(Task to complete) Print the records below exactly. Omit every picture.

(Available data)
◇ ◇ ◇ ◇
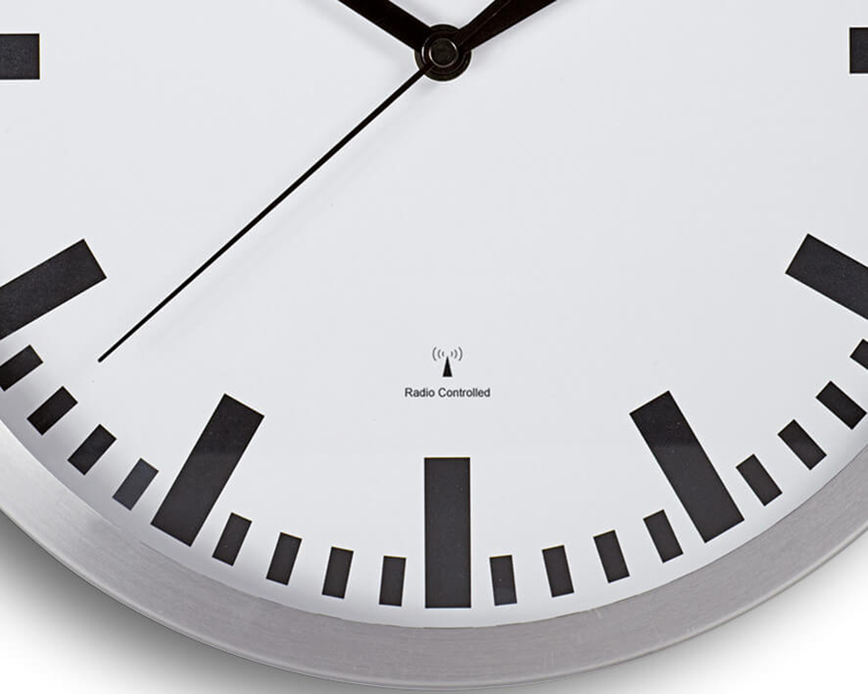 - Ziffernblatt in weiß mit Minuten- und Stundeneinheiten.
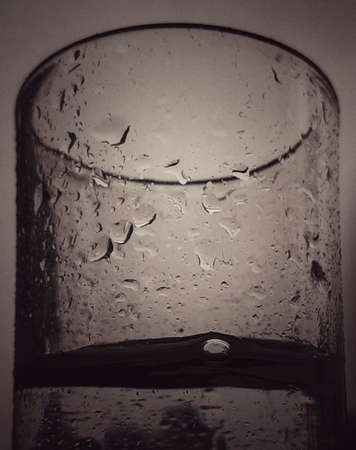 still clear water in a crystal glass. shadows and reflects. copy space. fresh water concept.
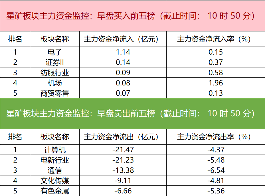 财联社7月18日电,财联社星矿数据显示,今日早盘主力资金净流入电子、证券Ⅱ、纺服行业等板块,净流出计算机、电新行业、通信等板块,其中计算机板块净流出超21亿元。个股方面,浪潮信息上涨,主力资金净买入5.82亿元,N精智达、通富微电、晶方科技获主力资金净流入居前;寒武纪遭净卖出超2亿元,榕基软件、工业富联、隆基绿能主力资金净流出额居前。
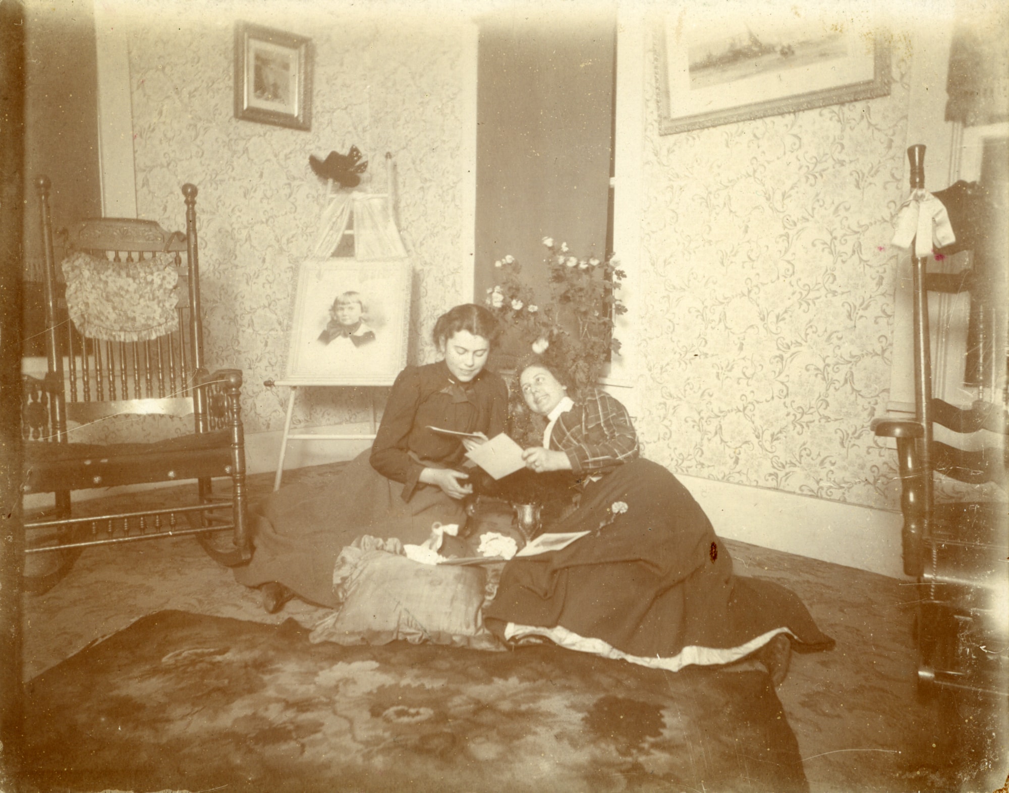 Depicts two girls looking at photographs on the floor in the parlor of a private residence. Verso says: "Taken by father of Barbara Wadsworth Williams."
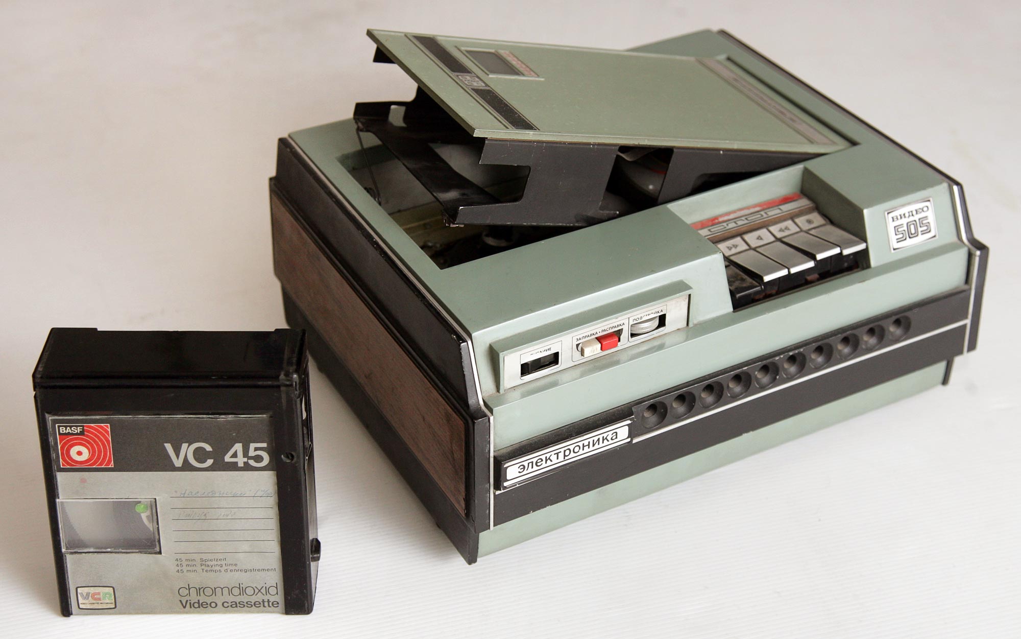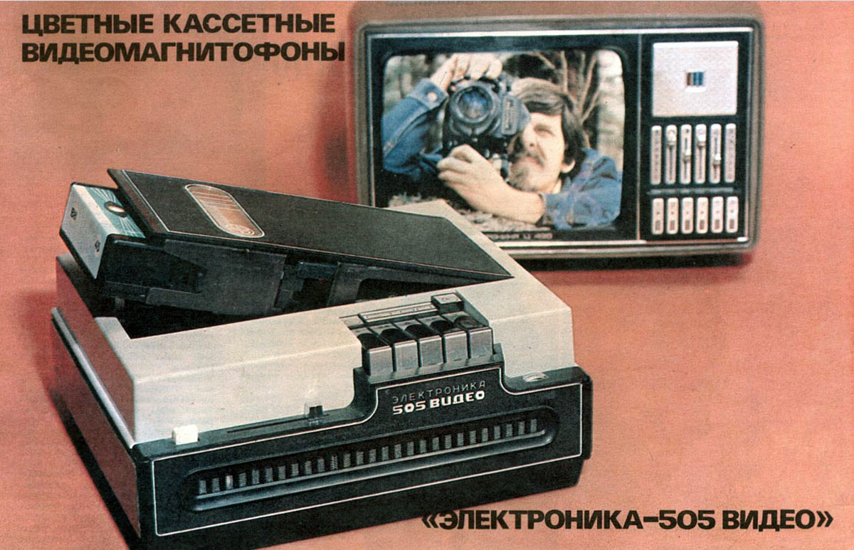 Кассетный видеомагнитофон *Электроника-505-видео* с 1974 года опытно выпускало Воронежское НПО *Электроника*. Он представляет собой транзисторно-интегральный цветной кассетный видеомагнитофон стандарта VCR, с наклонно-строчным способом записи 2-мя видеоголовками. Видеомагнитофон предназначен для записи и воспроизведения цветных и ч/б видеосигналов, а также звукового сопровождения от телевизора с согласующим устройством типа УСЦТ-2. Кроме того, аппарат позволяет производить запись ч/б видеоинформации и звукового сопровождения от видеокамеры. Питается ВМ от сети переменного тока через внешний блок питания или от аккумуляторов. Скорость протяжки ленты 14,29 см/с. Разрешающая способность по горизонтали в канале яркости 250, цветности 200 линий. Отношение сигнал/помеха в канале изображения 40 дБ, звукового сопровождения 38 дБ. Диапазон частот канала звука 80...10000 Гц. Коэффициент детонации ± 0,3 %. Потребляемая мощность 30 Вт. Габариты модели - 318x269x132 мм, блока питания - 119x247x90 мм. Масса модели - 10 кг, блока питания - 3 кг. Цена аппарата - 2500 рублей. Разработка и первые выпуски видеомагнитофонов имели оформление как на основном изображении, а немного позднее уже привычное всем оформление. Предположительно в 1977 году документация по видеомагнитофону была передана Раменскому приборостроительному заводу, на котором с 1979 года видеомагнитофон выпускался под наименованием *Сатурн-505-видео*.
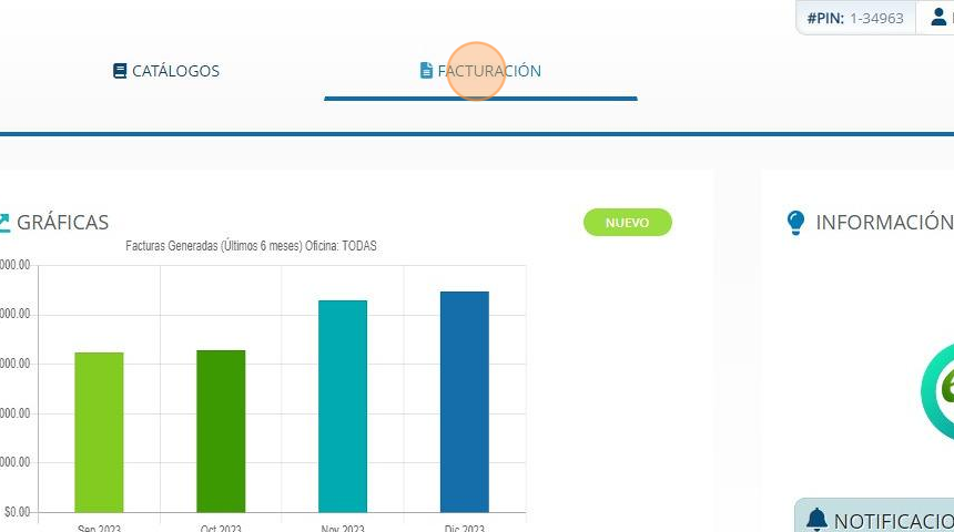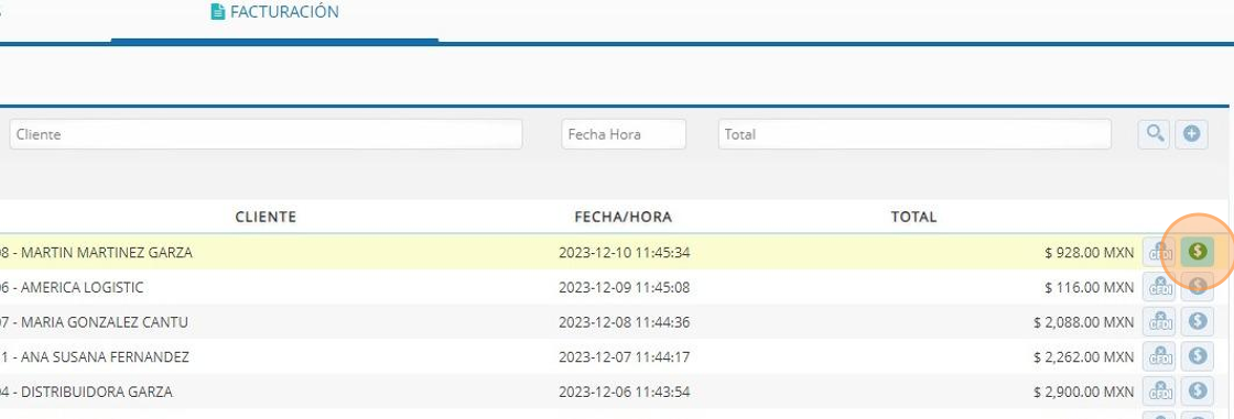 3. Localizar la factura pagada y dar click en el signo de ($) que se encuentra de lado derecho del registro de la factura.
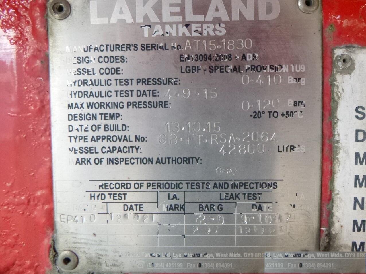 2015 Lakeland Fuel tank alu 42.8 m3 / 6 comp + pump
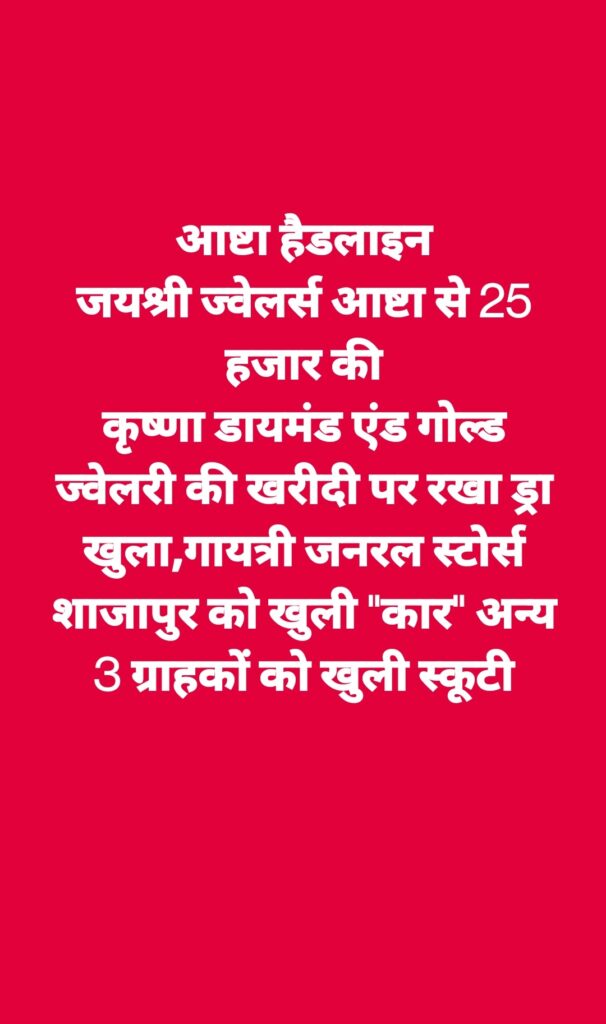 तथा 25 हजार की खरीदी पर पांच ग्राहकों के लिए स्कूटी भी रखी गई थी । जिसमें दो स्कूटी पूर्व में संतोष राठौर आष्टा एवं दिनेश वर्मा रनायल के नाम खुल चुकी थी ।
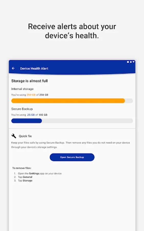 • Stay informed with alerts: You will receive detailed alerts with solutions when device issues have been detected
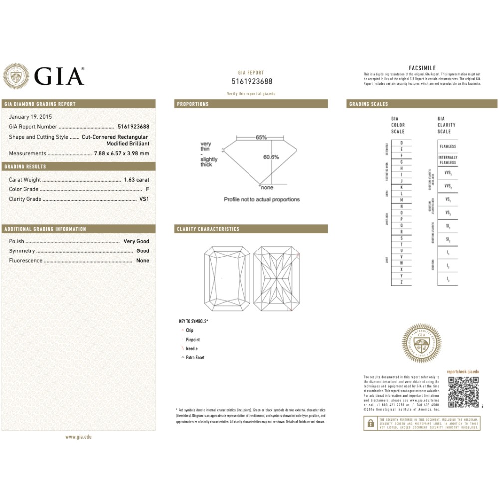 - Accompanied by GIA report no. 5161923688, dated 19 January 2015, stating that the 1.63 carat diamond is F color, VS1 clarity
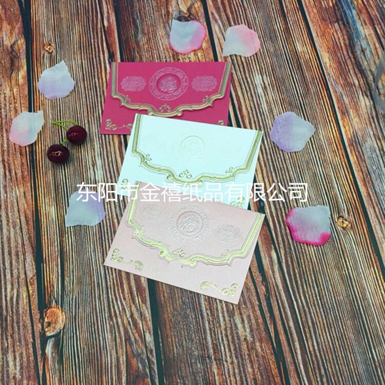 • 金禧纸品厂家直销。主要生产各种中高档请柬、邀请函、红包、结婚请柬、礼簿等国内外纸类产品,也可以根据客户要求、来样定做。本厂的产品质量保证,价格合理。欢迎国内外新老客户光临。
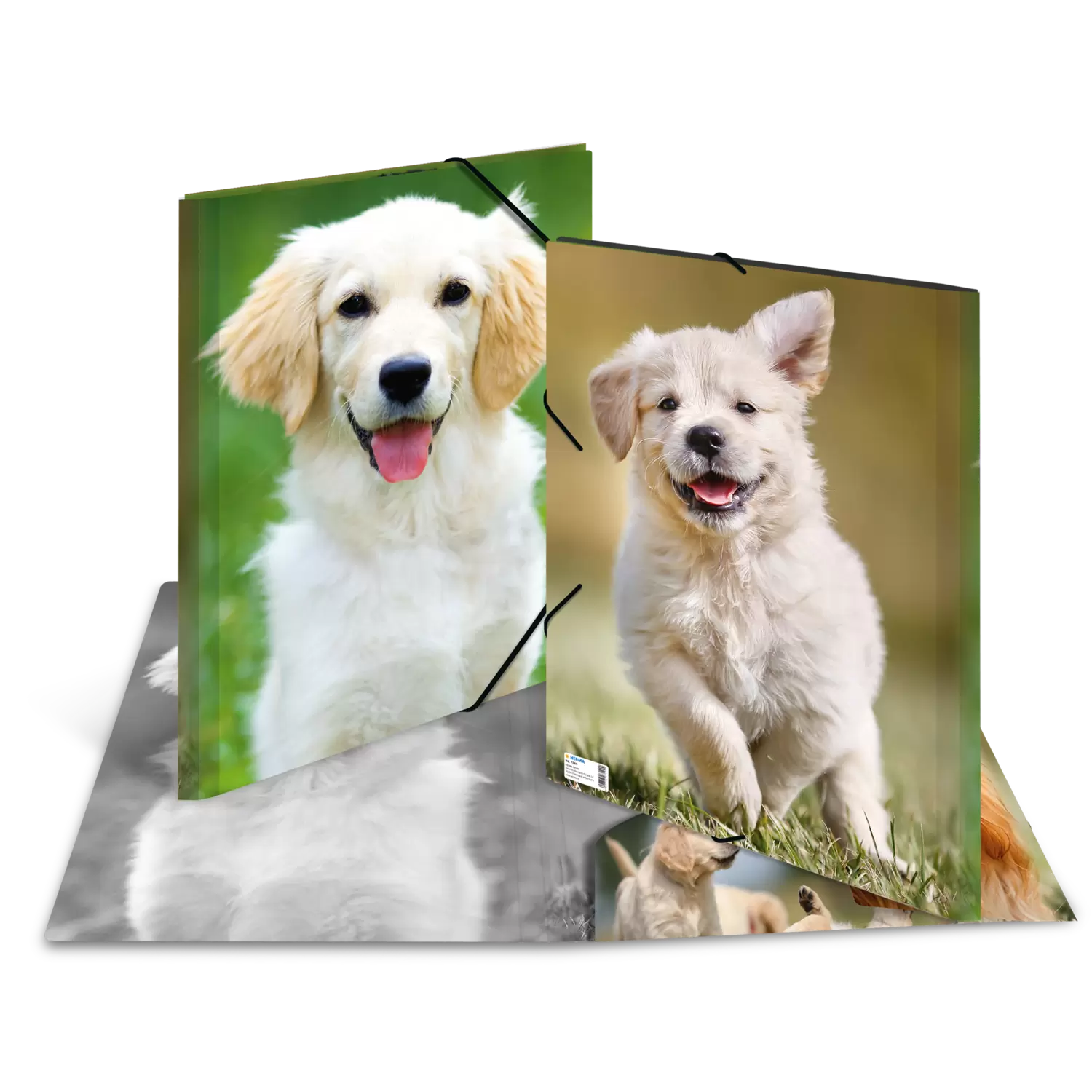Chemises à élastique avec 3 rabats imprimés. En polypropylène robuste en format A3. Idéal pour ranger vos documents. Disponible en design chiens.
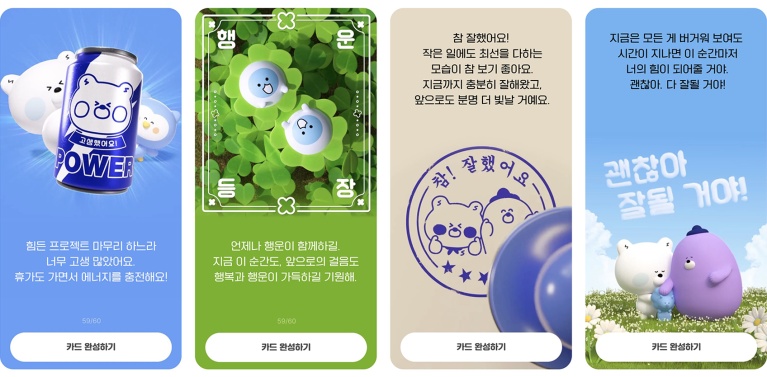또한, 응원과 격려의 마음을 전할 수 있는 신규 e-card 4종도 함께 출시되었습니다. ‘쏠 에너지 드링크’, 네잎 클로버, ‘참 잘했어요’ 도장 등 긍정적인 메시지를 담은 디자인으로 구성되어, 바쁜 일상에 지친 지인들에게 따뜻한 응원의 말을 전하기에 제격입니다.
◇ ◇ ◇ ◇
(Result of the task)
 - Ziffernblatt in weiß mit Minuten- und Stundeneinheiten.
 still clear water in a crystal glass. shadows and reflects. copy space. fresh water concept.
 财联社7月18日电,财联社星矿数据显示,今日早盘主力资金净流入电子、证券Ⅱ、纺服行业等板块,净流出计算机、电新行业、通信等板块,其中计算机板块净流出超21亿元。个股方面,浪潮信息上涨,主力资金净买入5.82亿元,N精智达、通富微电、晶方科技获主力资金净流入居前;寒武纪遭净卖出超2亿元,榕基软件、工业富联、隆基绿能主力资金净流出额居前。
 Depicts two girls looking at photographs on the floor in the parlor of a private residence. Verso says: "Taken by father of Barbara Wadsworth Williams."
 Кассетный видеомагнитофон *Электроника-505-видео* с 1974 года опытно выпускало Воронежское НПО *Электроника*. Он представляет собой транзисторно-интегральный цветной кассетный видеомагнитофон стандарта VCR, с наклонно-строчным способом записи 2-мя видеоголовками. Видеомагнитофон предназначен для записи и воспроизведения цветных и ч/б видеосигналов, а также звукового сопровождения от телевизора с согласующим устройством типа УСЦТ-2. Кроме того, аппарат позволяет производить запись ч/б видеоинформации и звукового сопровождения от видеокамеры. Питается ВМ от сети переменного тока через внешний блок питания или от аккумуляторов. Скорость протяжки ленты 14,29 см/с. Разрешающая способность по горизонтали в канале яркости 250, цветности 200 линий. Отношение сигнал/помеха в канале изображения 40 дБ, звукового сопровождения 38 дБ. Диапазон частот канала звука 80...10000 Гц. Коэффициент детонации ± 0,3 %. Потребляемая мощность 30 Вт. Габариты модели - 318x269x132 мм, блока питания - 119x247x90 мм. Масса модели - 10 кг, блока питания - 3 кг. Цена аппарата - 2500 рублей. Разработка и первые выпуски видеомагнитофонов имели оформление как на основном изображении, а немного позднее уже привычное всем оформление. Предположительно в 1977 году документация по видеомагнитофону была передана Раменскому приборостроительному заводу, на котором с 1979 года видеомагнитофон выпускался под наименованием *Сатурн-505-видео*.
 3. Localizar la factura pagada y dar click en el signo de ($) que se encuentra de lado derecho del registro de la factura.
 2015 Lakeland Fuel tank alu 42.8 m3 / 6 comp + pump
 तथा 25 हजार की खरीदी पर पांच ग्राहकों के लिए स्कूटी भी रखी गई थी । जिसमें दो स्कूटी पूर्व में संतोष राठौर आष्टा एवं दिनेश वर्मा रनायल के नाम खुल चुकी थी ।
 • Stay informed with alerts: You will receive detailed alerts with solutions when device issues have been detected
 - Accompanied by GIA report no. 5161923688, dated 19 January 2015, stating that the 1.63 carat diamond is F color, VS1 clarity
 • 金禧纸品厂家直销。主要生产各种中高档请柬、邀请函、红包、结婚请柬、礼簿等国内外纸类产品,也可以根据客户要求、来样定做。本厂的产品质量保证,价格合理。欢迎国内外新老客户光临。
Chemises à élastique avec 3 rabats imprimés. En polypropylène robuste en format A3. Idéal pour ranger vos documents. Disponible en design chiens.
또한, 응원과 격려의 마음을 전할 수 있는 신규 e-card 4종도 함께 출시되었습니다. ‘쏠 에너지 드링크’, 네잎 클로버, ‘참 잘했어요’ 도장 등 긍정적인 메시지를 담은 디자인으로 구성되어, 바쁜 일상에 지친 지인들에게 따뜻한 응원의 말을 전하기에 제격입니다.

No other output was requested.